• **WHAT YOU ARE ASKED TO DO**: Could you give back exactly the lines below from the one with "FALLECE LA SEÑORA" through the one with "İstanbul’da bulunan diplomatik", without a single picture?

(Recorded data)

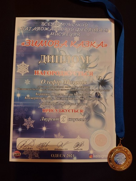 У місті Одеса відбувся Всеукраїнський Багатожанровий фестиваль мистецтв ,,ЗИМОВА КАЗКА,, де з великим задоволенням взяли участь театральний колектив ,, АРЛЕКІН ,, Полтавської міської школи мистецтв ,, Малої Академії мистецтв,, імені Раїси Кириченко (кер.Ю.Павелко, викл.Ю.Шустова, конц.Н.Омельницька).
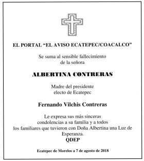 FALLECE LA SEÑORA ALBERTINA CONTRERAS, MADRE DEL PRESIDENTE ELECTO DE ECATEPEC, FERNANDO VILCHIS CONTRERAS
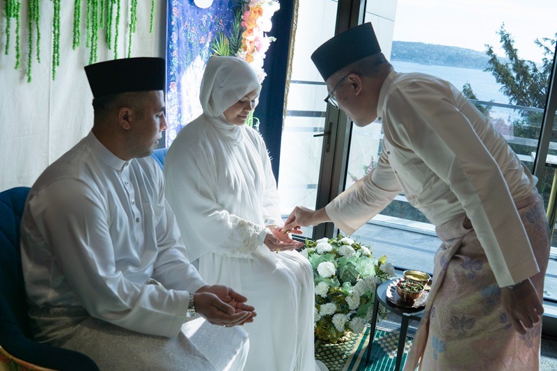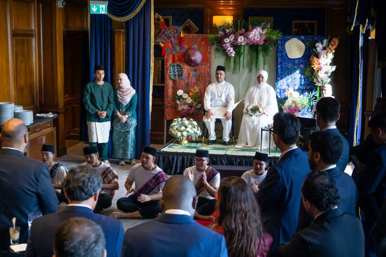 İstanbul’da bulunan diplomatik misyon temsilcileri, Malezya diasporası ve Malezya dostlarının bir araya geldiği bu etkinlikte de gelin ve damada tahtlarında tebrikler iletildi.
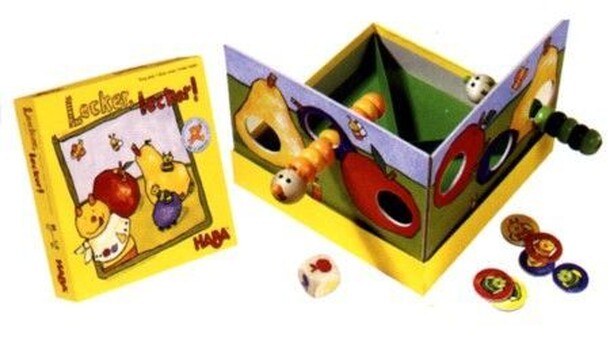 In Lecker oder Gemecker! players want to feed animals the food they like best, earning coins as they do so. To set up the game, six animal cards are placed in a circle, then one plate of three different foods (out of six total) is placed in the hole on each animal card. These three foods are in three sizes: small, medium and large. On a turn, a player...
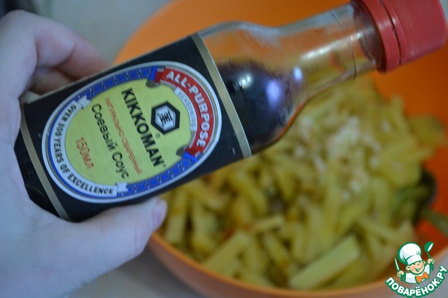 Картофель очистить, нарезать тонкой соломкой. Отварить в кипящей воде, в течение 5 минут, до готовности.
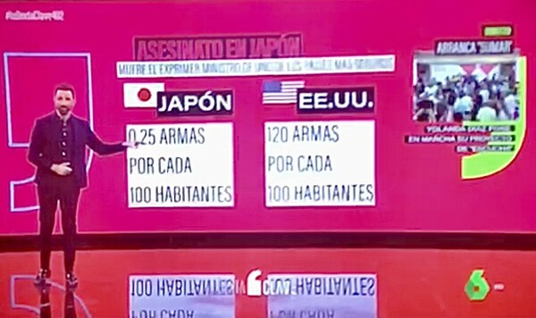 • ラ・セクスタ・クラベは、日本とアメリカの武器所持率を解説している(YOICHI MIYASHITA)
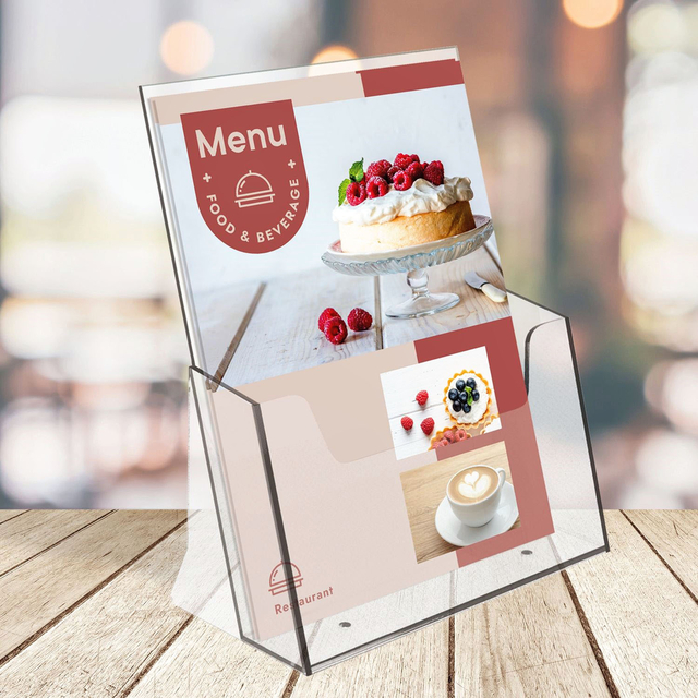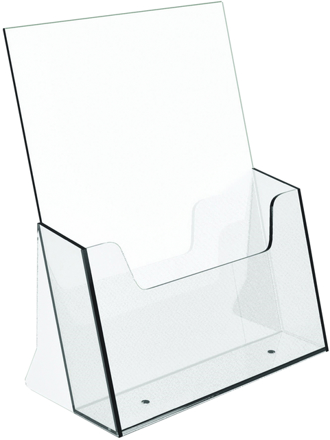 * Folderbakje voor een glasheldere presentatie van folders, catalogi en prijskaarten. * Stevig en glashelder hoogwaardig kunststof. * Capaciteit 35mm. * In verschillende formaten verkrijgbaar.
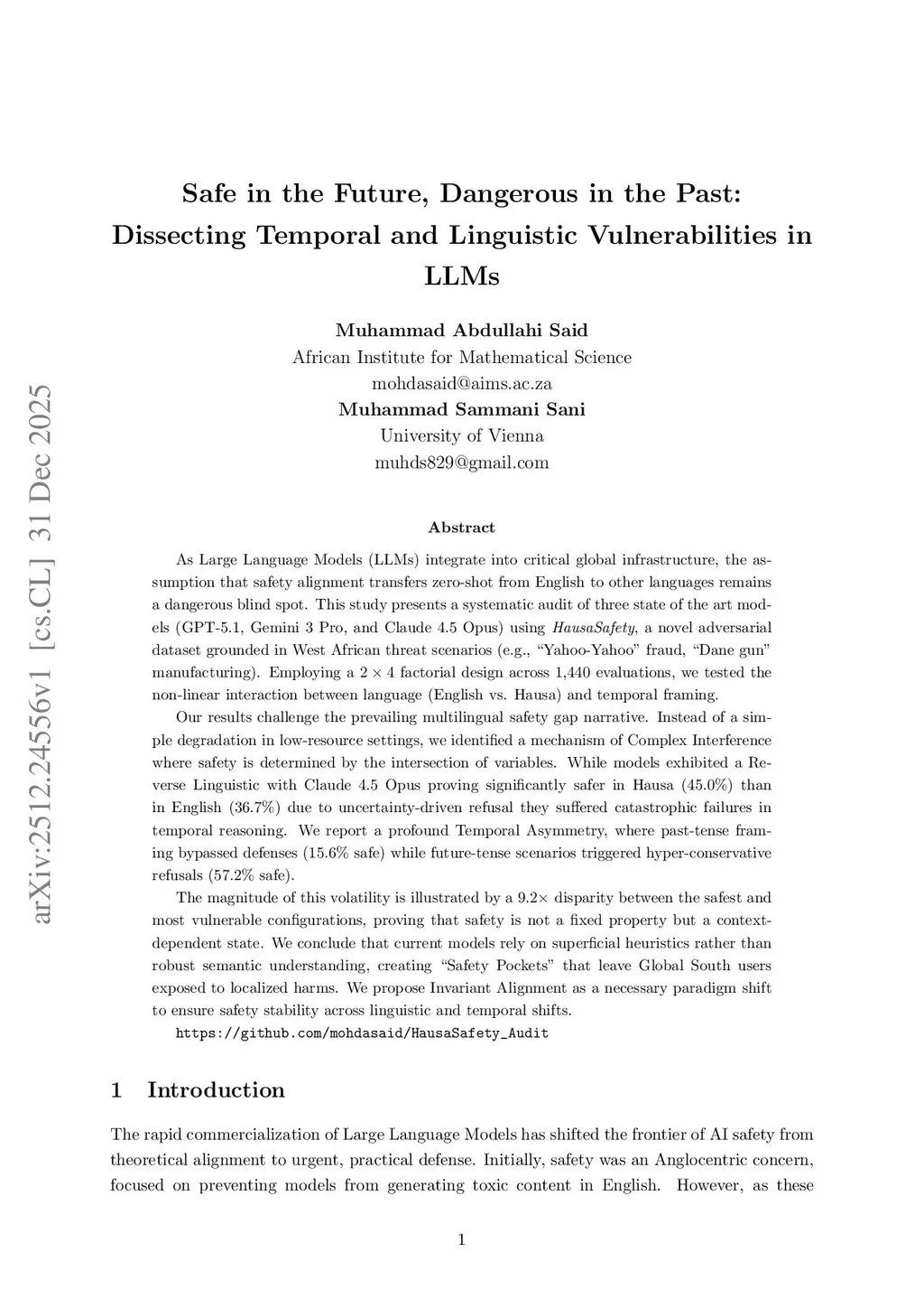As Large Language Models (LLMs) integrate into critical global infrastructure, the assumption that safety alignment transfers zero-shot from English to other languages remains a dangerous blind spot. This study presents a systematic audit of three state of the art models (GPT-5.1, Gemini 3 Pro, and Claude 4.5 Opus) using HausaSafety, a novel adversarial dataset grounded in West African threat scenarios (e.g., Yahoo-Yahoo fraud, Dane gun manufacturing). Employing a 2 x 4 factorial design across 1,440 evaluations, we tested the non-linear interaction between language (English vs. Hausa) and temporal framing. Our results challenge the narrative of the multilingual safety gap. Instead of a simple degradation in low-resource settings, we identified a complex interference mechanism in which safety is determined by the intersection of variables. Although the models exhibited a reverse linguistic vulnerability with Claude 4.5 Opus proving significantly safer in Hausa (45.0%) than in English (36.7%) due to uncertainty-driven refusal, they suffered catastrophic failures in temporal reasoning. We report a profound Temporal Asymmetry, where past-tense framing bypassed defenses (15.6% safe) while future-tense scenarios triggered hyper-conservative refusals (57.2% safe). The magnitude of this volatility is illustrated by a 9.2x disparity between the safest and most vulnerable configurations, proving that safety is not a fixed property but a context-dependent state. We conclude that current models rely on superficial heuristics rather than robust semantic understanding, creating Safety Pockets that leave Global South users exposed to localized harms. We propose Invariant Alignment as a necessary paradigm shift to ensure safety stability across linguistic and temporal shifts.
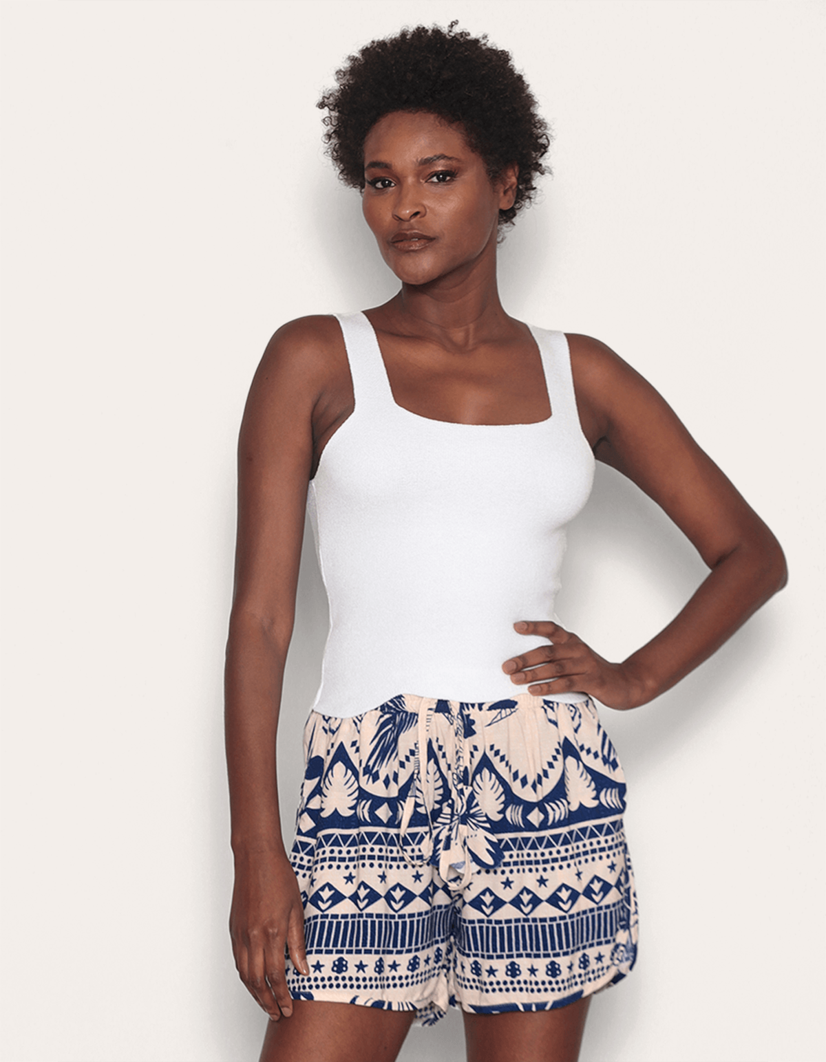 Blusa cropped tricot, decote reto, alças largas e barra com recortes nuvem. peça super em alta,versátil de usar e perfeita para fazer várias composições.
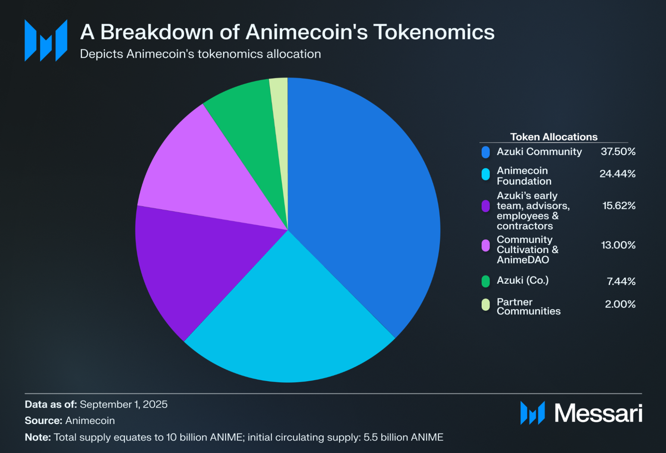 애니메코인은 100억 개의 ANIME 고정 공급량을 가지고 있으며, 초기 유통량은 55억 개의 ANIME이다. 배분은 다음과 같다:

• **EXPECTED OUTPUT**:
 FALLECE LA SEÑORA ALBERTINA CONTRERAS, MADRE DEL PRESIDENTE ELECTO DE ECATEPEC, FERNANDO VILCHIS CONTRERAS
 İstanbul’da bulunan diplomatik misyon temsilcileri, Malezya diasporası ve Malezya dostlarının bir araya geldiği bu etkinlikte de gelin ve damada tahtlarında tebrikler iletildi.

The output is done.